Sosyoloji Tarih Yaşam

ESKİ TÜRKLER: AİLE VE EVLİLİK

Eski Türk toplumunda aile yapısı ile ilgili birçok çalışma yapılmıştır. Yapılan çalışmalar genellikle birbirini tutmamaktadır. Bunun sebebi ise çalışma yapan kişilerin ilgilendikleri dönemle ilgili çalışma yapmalarından kaynaklanmaktadır. Bu yazıda kısaca Göktürk topluluğundaki aile yapısına değinilecektir.

Türkler zaman içerisinde farklı coğrafî bölgelerde yaşamışlardır. Bu durum farklı toplumlarla iletişimleri sonucunda aile yapısında ve bakış açılarında bazı değişikliklere sebep olmuş olabilir. Ama Türk aile yapısının temelini ilk olarak bozkır kültürü içerisinde yaşayan Göktürkler döneminde görüyoruz. Bu dönemle ilgili kaynağımız ise Orhun Abideleridir. Orhun Abidelerine göre Türk aile yapısı şu şekilde tespit edilmiştir:

Eski Türk toplumunda ilk sosyal birlik olan aile, toplumsal yapının en küçük birimidir. Aile yapısı kan akrabalarına dayanmaktadır. Türk toplumu ataerkil bir yapıya sahiptir. Baba ve erkek otoritesi vardır. Ataya karşı gelenler cezalandırılır. Doğan çocuklar ise babanın soyuna aittir.  Türklerde tek eşlilik  (monogami) vardır. Bazı araştırmacılara göre hükümdar siyasî sebeplerden dolayı birden fazla kadınla evlenebiliyordu. Eski Türk ailesinde “geniş aile” yapısı eski Yunan, Roma ve İslavlardaki gibi değildir.

Eski Türkler izdivaç için “evlenme” veya “evlendirme” tabirlerini kullanırlar. Kaşgarlı Mahmut, evliliğin gerçekleşmesi için ortak iradenin söz konusunu olduğunu belirtir. Evlenen erkek veya kız baba evinden ayrılarak bir ev (aile) meydana getirir. Eski Türk ailesinde evlenen oğullar hisselerini alarak yeni bir aile kurup ayrılırlar. Baba evi ise en küçük oğlana kalır

Bozkır kültürü büyük aile kuruluşuna uygun değildir. Türkler belirli bir toprak üzerinde kümelenip bir arada oturamazlar. Küçük aile yapısında yaşayarak daha özgür bireyler yetiştirirlerdi.

Türk toplumunda Türk kızı hayat arkadaşını seçmede nispî özgürlüğe sahiptir.
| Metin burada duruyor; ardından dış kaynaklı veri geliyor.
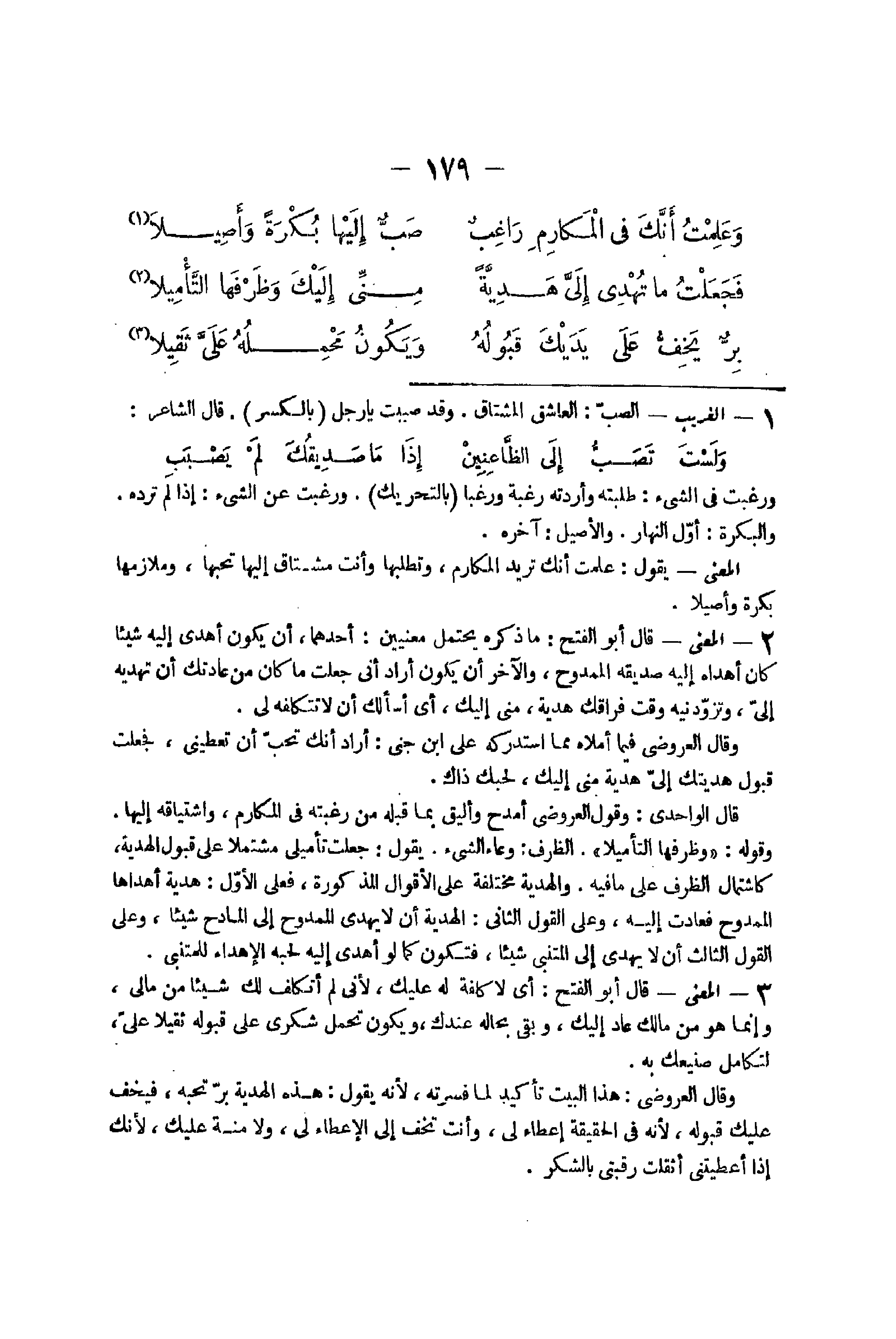 3 - الْمَعْنى قَالَ أَبُو الْفَتْح مَا ذكره يحْتَمل مَعْنيين أَحدهمَا أَن يكون أهْدى إِلَيْهِ شَيْئا كَانَ أهداه إِلَيْهِ صديقه الممدوح وَالْآخر أَن يكون أَرَادَ أَنِّي جعلت مَا كَانَ من عادتك أَن تهديه إِلَيّ وتزودينه وَقت فراقك هَدِيَّة مني إِلَيْك أَي أَسأَلك أَن لَا تتكفله لي وَقَالَ الْعَرُوضِي فِيمَا أملاه مِمَّا استدركه على أبن جنى أَرَادَ أَنَّك تحب أَن تُعْطِينِي فَجعلت قبُول هديتك إِلَى هَدِيَّة مني إِلَيْك لحبك ذَاك قَالَ الواحدي وَقَول الْعَرُوضِي أمدح وأليق بِمَا قبله من رغبته فِي المكارم وأشتياقه إِلَيْهَا وَقَوله وظرفها التأميلا الظّرْف وعَاء الشَّيْء يَقُول جعلت تأميلي مُشْتَمِلًا على قبُول الْهَدِيَّة كاشمال الظّرْف على مَا فِيهِ والهدية مُخْتَلفَة على الْأَقْوَال الْمَذْكُورَة فعلى الأول هَدِيَّة أهداها الممدوح فَعَادَت إِلَيْهِ وعَلى القَوْل الثَّانِي الْهَدِيَّة أَن لَا يهدي الممدوح إِلَى المادح شَيْئا وعَلى القَوْل الثَّالِث أَن لَا يهدي إِلَى المتنبي شَيْئا فَتكون كَمَا لَو أهْدى إِلَيْهِ لحبه الإهداء للمتنبي

Türk kadınının ekonomik bağımsızlığının yanında hukuki bağımsızlığı da ya da söz konusuydu. Karı-koca arasında mal ayrılığı esas olup kadın kendi malını istediği gibi kullanmaktaydı.
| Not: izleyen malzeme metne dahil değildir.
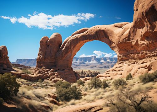 Plakat z serii pejzaże zatytułowany Triumf Natury. Zapierający dech w piersiach widok naturalnej formacji skalnej, która tworzy naturalny łuk, jest świadectwem niezwykłej siły i wytrwałości natury. Ciepłe odcienie pomarańczu i brązu skalnego łuku kontrastują z głębokim błękitem nieba, a delikatne zielone akcenty roślinności dodają życia i głębi kompozycji. Ta scena emanuje siłą i spokojem, stanowiąc doskonałe uzupełnienie dla przestrzeni takich jak współczesne biura, eleganckie pokoje dziennego wypoczynku, a także jako element dekoracyjny w hotelach i miejscach publicznych, gdzie natura spotyka się z designem.

Eski Türklerde “leviratus” evlenme biçimi mevcuttur. Buna göre babalarının ölümünden sonra oğulları üvey anneleriyle, büyük kardeşlerinin ölümünden sonra küçük kardeşlerin yengeleri ile amcalarının ölümünden sonra yeğenlerin yengeleri ile evlenmeleri hukuki bir görev olarak kabul edilmiştir. İlk kez Hunlarda görülen bu evlenme tipi Göktürklerde de devam etmiştir. Eski Türklerde leviratusun amacı Türk topluluklarında dul kalan kadınları çaresiz bırakmamak, himaye etmek ve onların hayatını teminat altına almaktır. Ama dul olan kadın istemezse böyle bir evlilik gerçekleşmezdi. Levirat geleneği ile dul kalan kadınların aile bütünlüğü içerisinde tutulması, ailenin ortak mülkünün parçalanmasının da önüne geçmektir. Böylece ortak mülkiyet anlayışı korunuyordu.

Kaynakça

Doğan, M. (1996). Eski Türk Ailesinin Yapısı ve Fonksiyonları. M.Ü. Atatürk Eğitim Fakültesi Eğitim Dergisi.

Kafesoğlu, İ. (1997). Türk Millî Kültürü.Ötüken Yayınları.

Mandaloğlu, M. İslamiyetten önce Türklerde Aile Hukuku.